▶ _PROBLEM DESCRIPTION_
Transcribe the line holding "Using two sets" together with every line after it, through the end of the records, exactly and with no pictures.

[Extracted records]

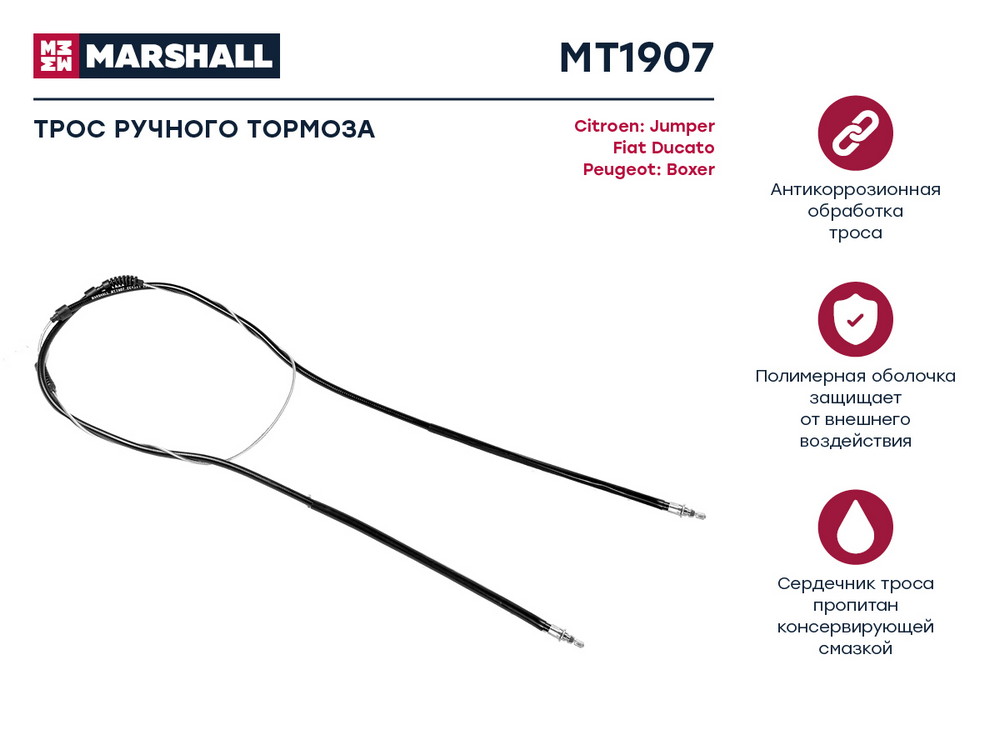 MT1907 MARSHALL Трос тормоза стояночного Citroen Jumper I 02- Fiat Ducato II 94- Peugeot Boxer I
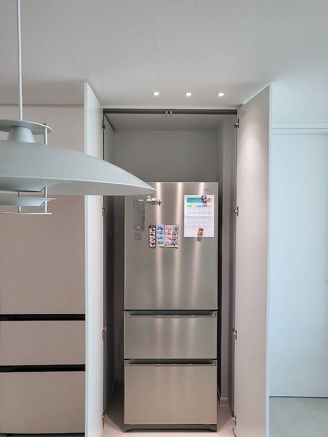 냉장고 오른쪽 수납장에는 기존에 사용하고 있던 또 하나의 김치 냉장고가 감쪽같이 들어가 있답니다.
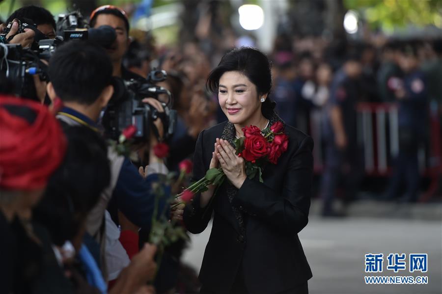 8月1日,在位于曼谷的泰国最高法院前,泰国前总理英拉向支持者致意。泰国前总理英拉8月1日在泰国最高法院作大米收购案结案陈词,称自己为“政治游戏的受害者”,否认检方提出的所有指控。最高法院则再次驳回英拉方面将本案提交宪法法院裁决的诉求,维持将于8月25日对本案进行宣判的决定。新华社记者李芒茫 摄
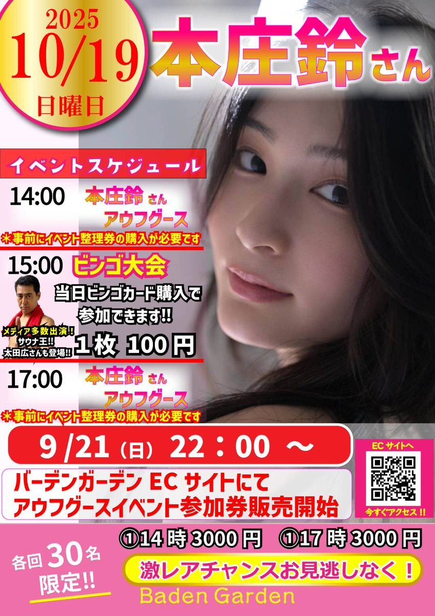 🧖🏻♀️🤴🏻【本日です❗️💡】 10/19(日) 本庄鈴さん🧖🏻♀️来店イベント🙋🏻♀️ @ バーデンガーデン(所沢) 様 14:00〜 鈴さんアウフグース🌿(※参加券完売御礼🙇🏻♀️) 15:00〜 ビンゴ大会🎱(※ビンゴカード(100円/枚)購入でどなたでも参加できます🙆🏻♀️) 17:00〜 鈴さんアウフグース🌿(※参加券完売御礼🙇🏻♀️) pic.x.com/9f23koB3c0
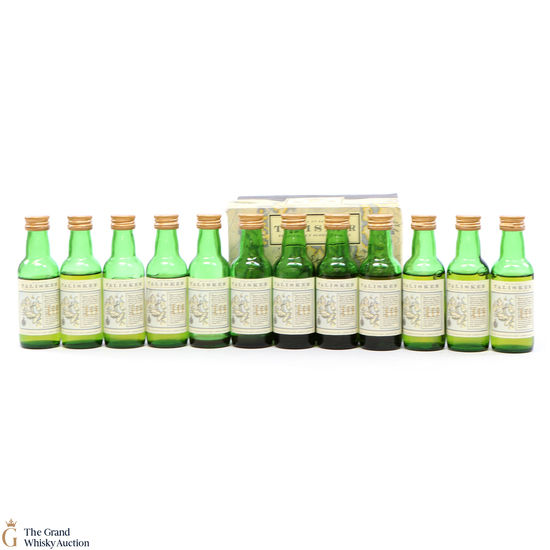 A box of 12 x 5cl bottles of older release of 10-Year-Old from Talisker distillery on the Isle of Skye. Aged for a minimum of 10 years in American oak casks. The bottle label and the box feature a map of Skye.
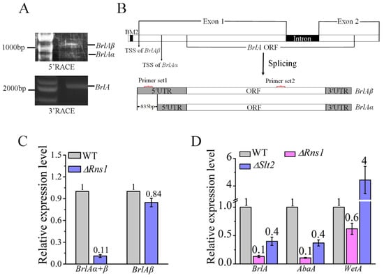 Using two sets of primers, qRT-PCR analysis was conducted to compare the expression levels of the transcripts BrlAα and BrlAβ between the WT strain and the deletion mutant ∆Rns1. With the Primer set 1 for the detection of the expression level of BrlAβ, no significant difference was found between the WT strain and the mutant ∆Rns1. However, when the Primer set 2 was used to assay both BrlAα and BrlAβ, the expression of the two transcripts in the WT strain was 9.1-fold higher than the mutant ∆Rns1. Taken together, RNS1 induced the expression of the transcript BrlAα (Figure 3C).
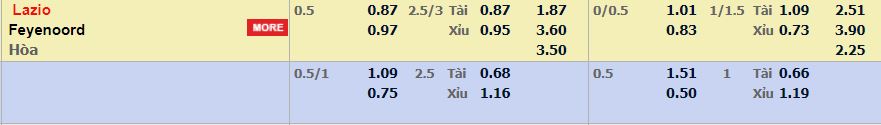 - Mức kèo nhà cái V9bet cược chấp trận này: Lazio chấp 0,5 Trái. Lazio ăn 0,87. Feyenoord ăn 0,97

▶ _RESULT OF THE EXERCISE_
 Using two sets of primers, qRT-PCR analysis was conducted to compare the expression levels of the transcripts BrlAα and BrlAβ between the WT strain and the deletion mutant ∆Rns1. With the Primer set 1 for the detection of the expression level of BrlAβ, no significant difference was found between the WT strain and the mutant ∆Rns1. However, when the Primer set 2 was used to assay both BrlAα and BrlAβ, the expression of the two transcripts in the WT strain was 9.1-fold higher than the mutant ∆Rns1. Taken together, RNS1 induced the expression of the transcript BrlAα (Figure 3C).
 - Mức kèo nhà cái V9bet cược chấp trận này: Lazio chấp 0,5 Trái. Lazio ăn 0,87. Feyenoord ăn 0,97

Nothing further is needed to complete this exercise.